Work instruction:
Output the data unchanged and complete, minus the images.

Supplied material:
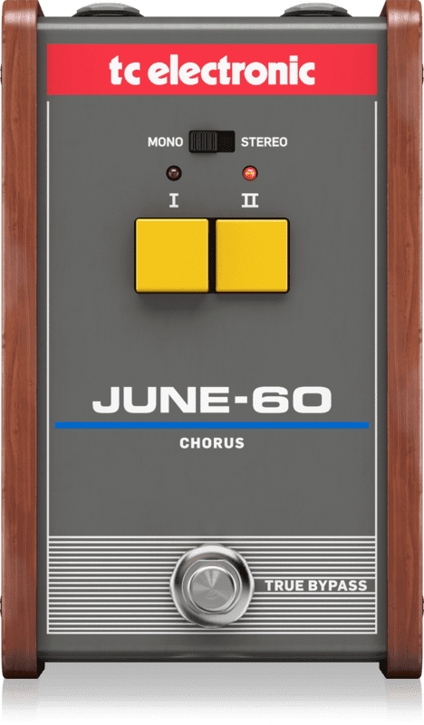 TC Electronic June 60 V2 is a vintage-style chorus pedal with an analog Bucket Brigade circuit and true bypass operation. It is inspired by the chorus present in one of the most famous synthesizers of the 80s with adjustable double LFO
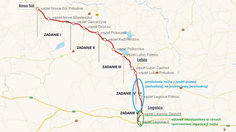 Natomiast na pozostałym 15-kilometrowym odcinku, który zaczyna się tuż za Chróstnikiem i kończy przy węźle Legnica Zachód, ruch pojazdów został przełożony z jezdni prawej (zachodniej) na jezdnie lewą (wschodnią). Widać to również poniżej na załączonej mapce i zdjęciach. Zmiana ta umożliwi wykonawcom prowadzenie kolejnych prac przy budowie drogi ekspresowej S3.
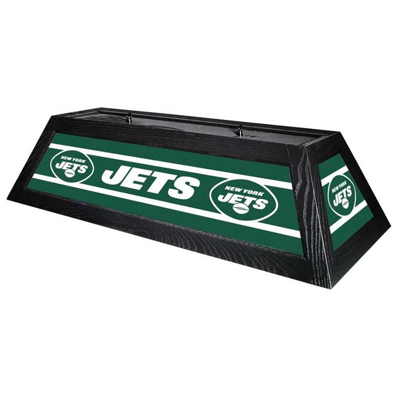 Your New York Jets 42″ Billiard Lamp is built to last with a bright backlit design digitally printed on shatter resistant acrylic panels. The solid black hardwood frame, will both compliment your billiard table as well as illuminate it with up to 400w of light for the playing surface. Everything is included to hardwire this beauty above your favorite pool table.
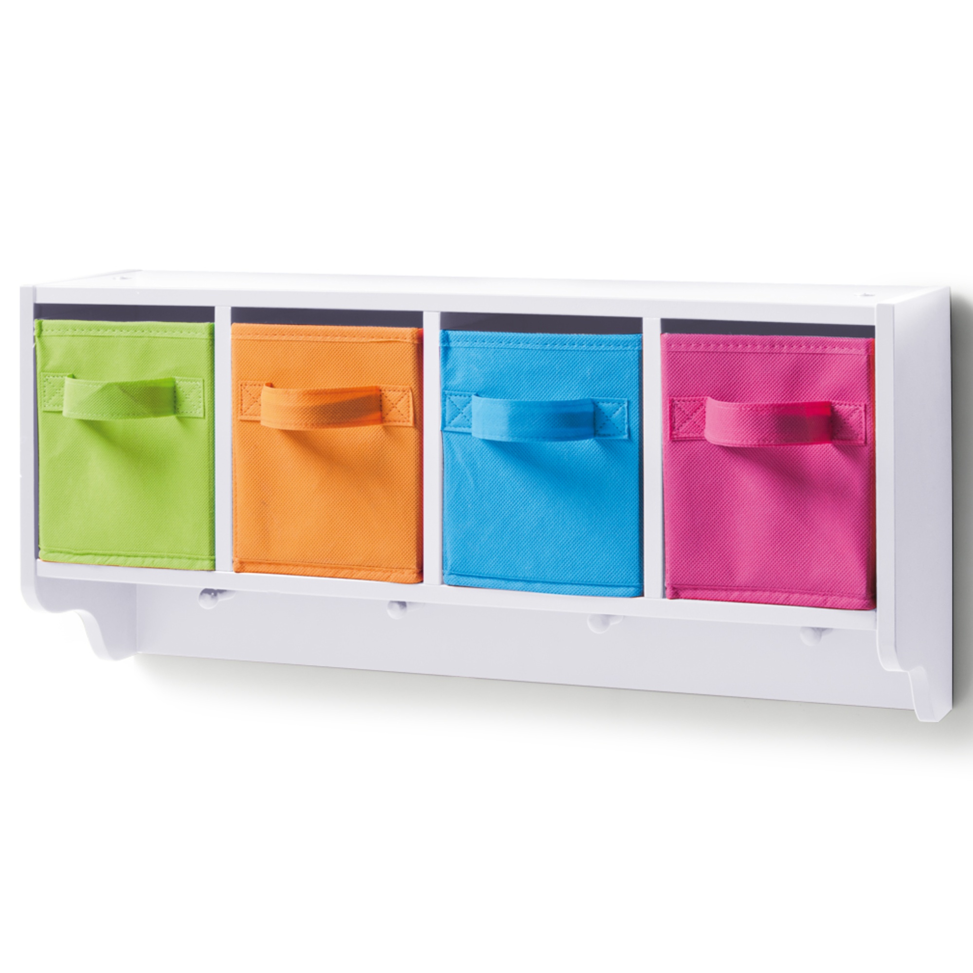 S týmto farebným detským vešiakom udržíte hravo poriadok v izbičke svojich ratolestí. Plne vyberateľné textilné boxy majú dostatok úložného priestoru a štyri háčiky využijete na bundy a ďalšie oblečenie vašich detí.
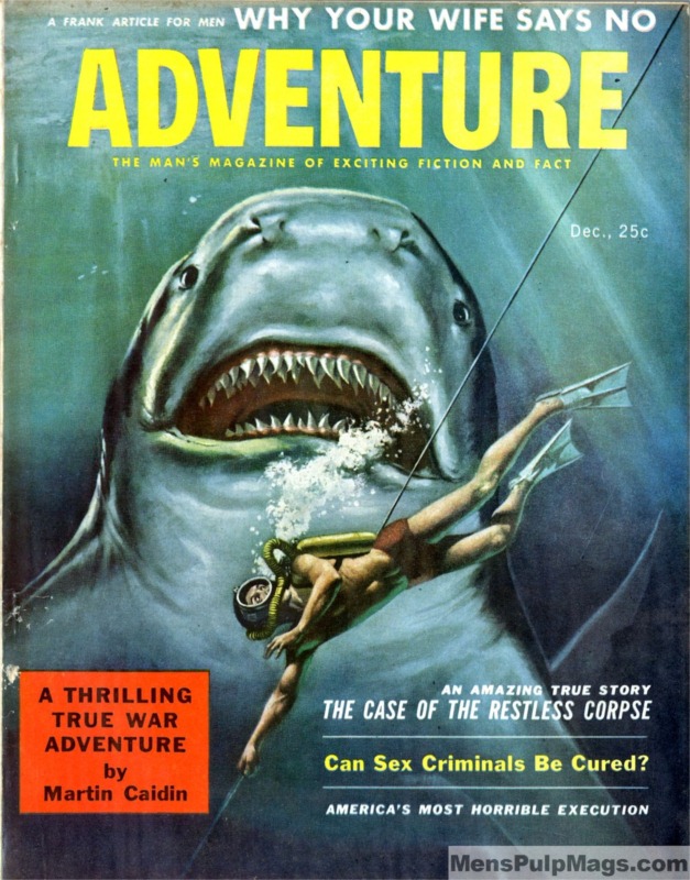 There’s an even bigger, Megalodon-size shark menacing a diver on the December 1957 issue of ADVENTURE. That awesome cover painting is by Harry Schaare.

Expected output:
 TC Electronic June 60 V2 is a vintage-style chorus pedal with an analog Bucket Brigade circuit and true bypass operation. It is inspired by the chorus present in one of the most famous synthesizers of the 80s with adjustable double LFO
 Natomiast na pozostałym 15-kilometrowym odcinku, który zaczyna się tuż za Chróstnikiem i kończy przy węźle Legnica Zachód, ruch pojazdów został przełożony z jezdni prawej (zachodniej) na jezdnie lewą (wschodnią). Widać to również poniżej na załączonej mapce i zdjęciach. Zmiana ta umożliwi wykonawcom prowadzenie kolejnych prac przy budowie drogi ekspresowej S3.
 Your New York Jets 42″ Billiard Lamp is built to last with a bright backlit design digitally printed on shatter resistant acrylic panels. The solid black hardwood frame, will both compliment your billiard table as well as illuminate it with up to 400w of light for the playing surface. Everything is included to hardwire this beauty above your favorite pool table.
 S týmto farebným detským vešiakom udržíte hravo poriadok v izbičke svojich ratolestí. Plne vyberateľné textilné boxy majú dostatok úložného priestoru a štyri háčiky využijete na bundy a ďalšie oblečenie vašich detí.
 There’s an even bigger, Megalodon-size shark menacing a diver on the December 1957 issue of ADVENTURE. That awesome cover painting is by Harry Schaare.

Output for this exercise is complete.